Charles Reznikoff : Chacun son chemin – Seperate Ways

 
par Mathilde Azzopardi

« Nous avons choisi le sens / D’être en multitude. »
George Oppen

Œuvre-témoignage, brève mais d’une forte densité, façonnée à partir du terreau fertile du réel – tant ce que le poète a sous les yeux que l’Histoire –, Seperate Ways paraît en 1936 chez Objectivist Press1.
Charles Reznikoff vécut sa vie à New York qu’il arpenta inlassablement, « cheminant, observant ». Il grandit parmi les ouvriers ; fut, à l’occasion, vendeur dans le commerce de chapeaux de ses parents (qui apparaît dans le poème « Quartier des chapeliers »).
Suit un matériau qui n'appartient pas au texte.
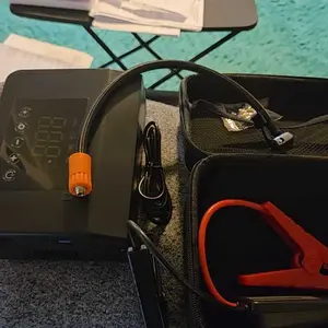 ·【WHAT YOU GET】 1 x Smart Air Pump, 1 x Air Tube(60cm/23.6in), 1 x Inflating Needle, 1 x Inflatable Nozzle, 1 x Pesta Valve, 1 x Emergency Start Power Clip, 1 x Type C Cable, 1 x User Manual. 18 months warranty and lifetime tech support. If you have any after-sales questions about jump starter, please feel free to contact us.Note: Please do not use the air pump function continuously over 6 minutes. When the tire battery compressor is seriously hot, please cool down for a few minutes before continuing to inflate the tire.

Cette « poésie du trouvé »2 dit la ville dans ses mouvements – « dix mille milliers de pas / piétinent l’aube » et « les étoiles éclosent / dans le doux crépuscule » –, ses senteurs – « l’air pur des rues / délicieux après l’odeur de la marchandise » –, ses sons – « les roues des voitures sifflent / sur la chaussée humide »… Elle se fait, en outre, l’écho de la Guerre civile autrichienne de 1934 (« Les socialistes de Vienne »), des conséquences de la crise de 1929, évoquant les chômeurs et mendiants, dont elle capture des fragments de paroles (« Dépression »), comme elle restitue, par le truchement de la « négresse mourante », la langue disparue du Sud (« Nouvelle nation »), rallumant, écrivait Roubaud, « ces voix éteintes (…). Comme de petites lampes sur la carte des États-Unis. »
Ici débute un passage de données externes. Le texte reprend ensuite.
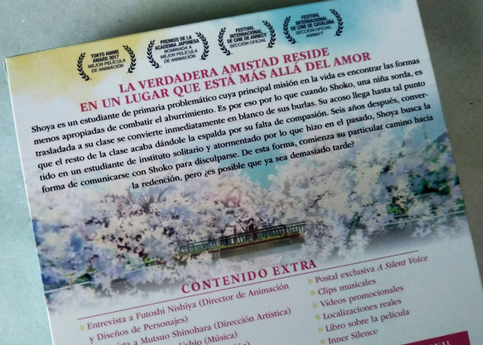 Y si hablamos de detalles, podemos afirmar que la mejor nota de la edición se la lleva el arte que encontramos dentro de la misma. Como es habitual en las ediciones coleccionistas, Selecta Visión intenta siempre traer todo el material que componen las originales japonesas; pero hemos de decir que en esta ocasión han realizado un excelente trabajo consiguiendo un fantástico libreto de 64 páginas en el que no solo encontraremos información adicional de la película, sino que podremos disfrutar de una serie de ilustraciones únicas en una calidad excelente y los propios storyboards de la película. Además, como ocurrió con las ediciones de Your Name, en este caso también han optado por incluir una postal en cada una de las ediciones de A Silent Voice, una postal única en cada ocasión y que en esta edición concretamente está protagonizada por Shoya y Shoko. Pero no solo nuestros ojos podrán disfrutar, sino que en este caso Selecta Visión también ha apostado por nuestro sentido auditivo y ha conseguido traer también los clips musicales de la cinta, los vídeos promocionales que se han empleado para publicitar la obra, un clip de vídeo que reúne todas las localizaciones reales de A Silent Voice y como material especial el clip de sonido que recopila «Inner Silence», la banda sonora que se compuso para finalizar la película. Sin duda alguna, una edición que te transportará al universo de A Silent Voice en su totalidad y que irradiará con su diseño en tu estantería.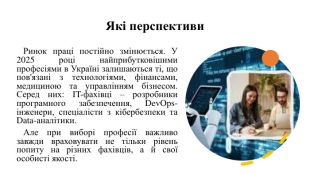 Які перспективи Ринок праці постійно змінюється. У 2025 році найприбутковішими професіями в Україні залишаються ті, що пов'язані з технологіями, фінансами, медициною та управлінням бізнесом. Серед них: IT-фахівці – розробники програмного забезпечення, Dev. Ops-інженери, спеціалісти з кібербезпеки та Data-аналітики. Але при виборі професії важливо завжди враховувати не тільки рівень попиту на різних фахівців, а й свої особисті якості.

Partant du point de vue de l’anonyme – comme le fera plus tard la micro-histoire –, non sans une rigueur assurément éthique – « garde ton poste jusqu’à briser ton corps » (« Chacun son chemin »), et suivant des règles d’écriture strictes – clarté et précision pour l’efficacité du discours ; mise en vers pour la musicalité qui porte la part sensible du texte –, ce recueil passe, de poème en poème, du plus intime – la fragilité – à l’expression d’une histoire commune à tous. « Kaddish » appelle la paix, la sécurité, la subsistance, la vie « sur Israël et sur tous ceux qui rencontrent regards hostiles, bâtons, pierres, insultes » – prière finale, hommage aux minuscules qui habitent la poésie de Charles Reznikoff. Chacun valant l’humanité entière.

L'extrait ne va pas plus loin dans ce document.